→ **Activity**
For the listing below, the answer is an exact retyping of the lines from the one with "Méthanier de type" through the one with "图2 学生作《中国传统民居》专题汇报", both included, without pictures.

__________________________________________________

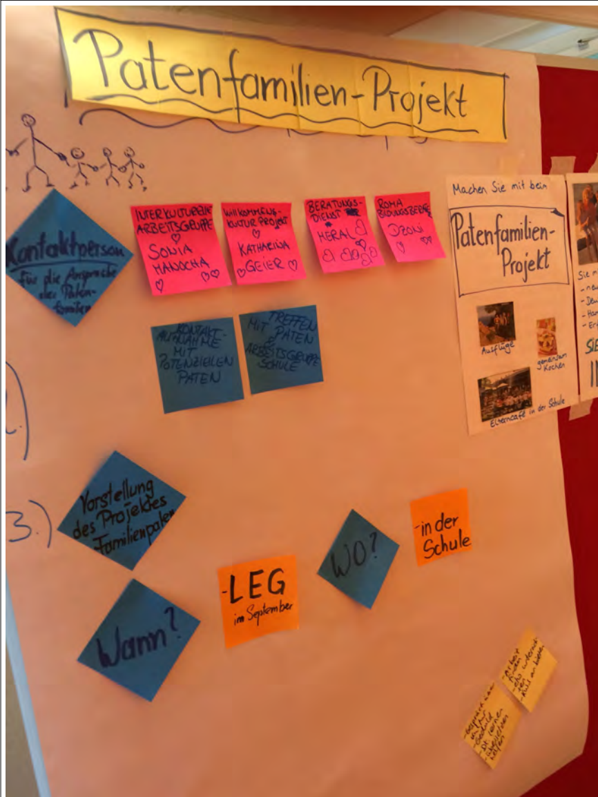
Plakat der Gruppe 2
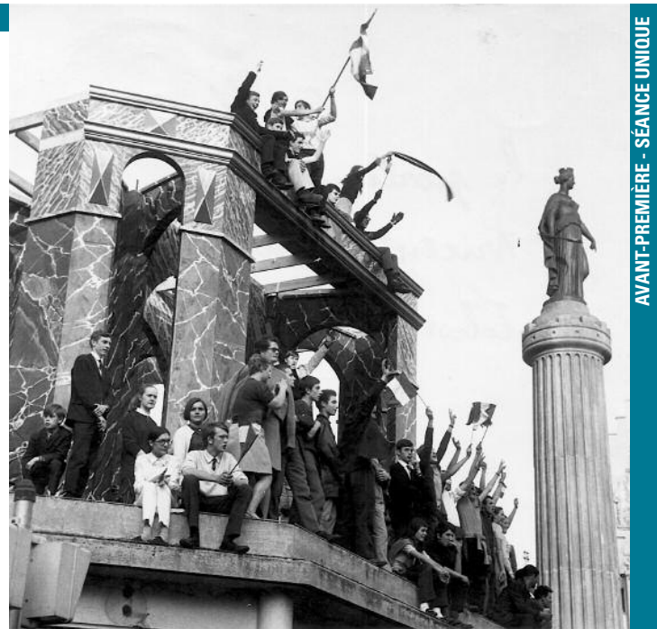
AVANT-PREMIERE - SÉANCE UNIQUE
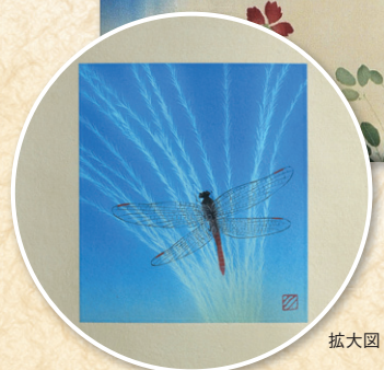
須藤 和之 「秋麗図」 総丈119.8×28cm
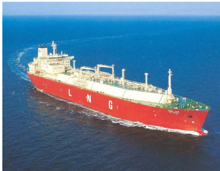
Méthanier de type membrane / Membrane Type LNG Ship
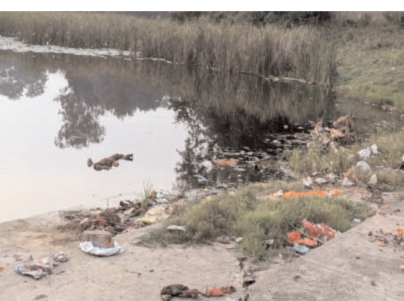
मिलाकर कुल चार दिनों तक छठ ब्रतियों को छठ घाटों पर आना-जाना लगा रहता है। बावजूद अबतक छठ घाटों की सफाई को लेकर कोई रद्धान नहीं दिखाई दे रही है। हालांकि दीपावली समाप्त के बाद छठ घाटों की सफाई के लिए छठ पूजा समिति के साथ स्थानीय समाजसेवी, सामाजिक संगठन, प्रतिनिधि एवं जनप्रतिनिधि सफाई कार्यक्रम में जुट जाते हैं। वहीं एक-एक परियोजना के सीसीएल प्रबंधन भी प्रत्येक वर्ष छठ घाटों से लेकर छठ घाट मार्ग की साफ-सफाई के लिए मशीन उपलब्ध कराते हैं।

प्रभात मंत्र संवाददाता खलारी : खलारी कोयलांचल में करीब एक दर्जन घाट हैं, जहां छठवती अर्धय देती है और छठ महापर्व का महज 12 दिन शेष है। परंतु आलम यह है कि वर्तमान में एक भी छठ घाट ऐसा नहीं है, जहां नियमित साफ सफाई होता हो। इसके कारण क्षेत्र के सभी छठ घाटों पर गंदगी फैल जाती है। इसके अलावा क्षेत्र के आज भी कई ऐसे छठ घाट हैं, जहां छठ घाट पहुंच पथ मार्ग जर्जर अवस्था में है। दीपावली उत्सव के ठीक चौथे दिन से चार दिवसीय छठ महापर्व शुरू हो जाता है। इस क्रम में नहाय-खाय से लेकर खरना एवं पहली व दूसरी अर्धय
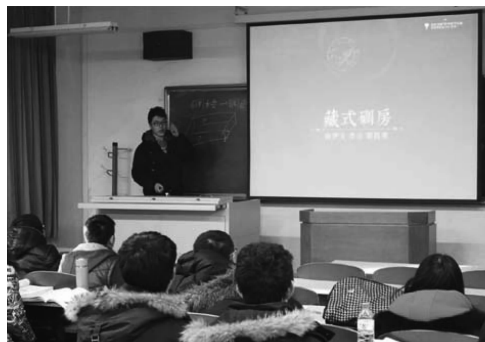
图2 学生作《中国传统民居》专题汇报

安排学生课下研习、课上汇报,让学生真正成为课堂的“主角”。例如:在中国传统民居部分,根据知识点及内容特征分若干专题,教师提前将相关书籍、网站向学生推介,布置学生在课下做功课,课上进行分组汇报(图2)。在汇报过程中,可随机提问,互评讨论,教师也可现场指导,最后进行总结点评。这种以讨论为主的学习方式,让学生真切体会到了“教”与“学”的乐趣,更能激发学习热情,活跃课堂气氛,学生在合作与竞争中不知不觉提升了学习表现,对于知识内容的理解也更深刻、充分。

__________________________________________________

→ **Response area**
Méthanier de type membrane / Membrane Type LNG Ship
मिलाकर कुल चार दिनों तक छठ ब्रतियों को छठ घाटों पर आना-जाना लगा रहता है। बावजूद अबतक छठ घाटों की सफाई को लेकर कोई रद्धान नहीं दिखाई दे रही है। हालांकि दीपावली समाप्त के बाद छठ घाटों की सफाई के लिए छठ पूजा समिति के साथ स्थानीय समाजसेवी, सामाजिक संगठन, प्रतिनिधि एवं जनप्रतिनिधि सफाई कार्यक्रम में जुट जाते हैं। वहीं एक-एक परियोजना के सीसीएल प्रबंधन भी प्रत्येक वर्ष छठ घाटों से लेकर छठ घाट मार्ग की साफ-सफाई के लिए मशीन उपलब्ध कराते हैं।

प्रभात मंत्र संवाददाता खलारी : खलारी कोयलांचल में करीब एक दर्जन घाट हैं, जहां छठवती अर्धय देती है और छठ महापर्व का महज 12 दिन शेष है। परंतु आलम यह है कि वर्तमान में एक भी छठ घाट ऐसा नहीं है, जहां नियमित साफ सफाई होता हो। इसके कारण क्षेत्र के सभी छठ घाटों पर गंदगी फैल जाती है। इसके अलावा क्षेत्र के आज भी कई ऐसे छठ घाट हैं, जहां छठ घाट पहुंच पथ मार्ग जर्जर अवस्था में है। दीपावली उत्सव के ठीक चौथे दिन से चार दिवसीय छठ महापर्व शुरू हो जाता है। इस क्रम में नहाय-खाय से लेकर खरना एवं पहली व दूसरी अर्धय
图2 学生作《中国传统民居》专题汇报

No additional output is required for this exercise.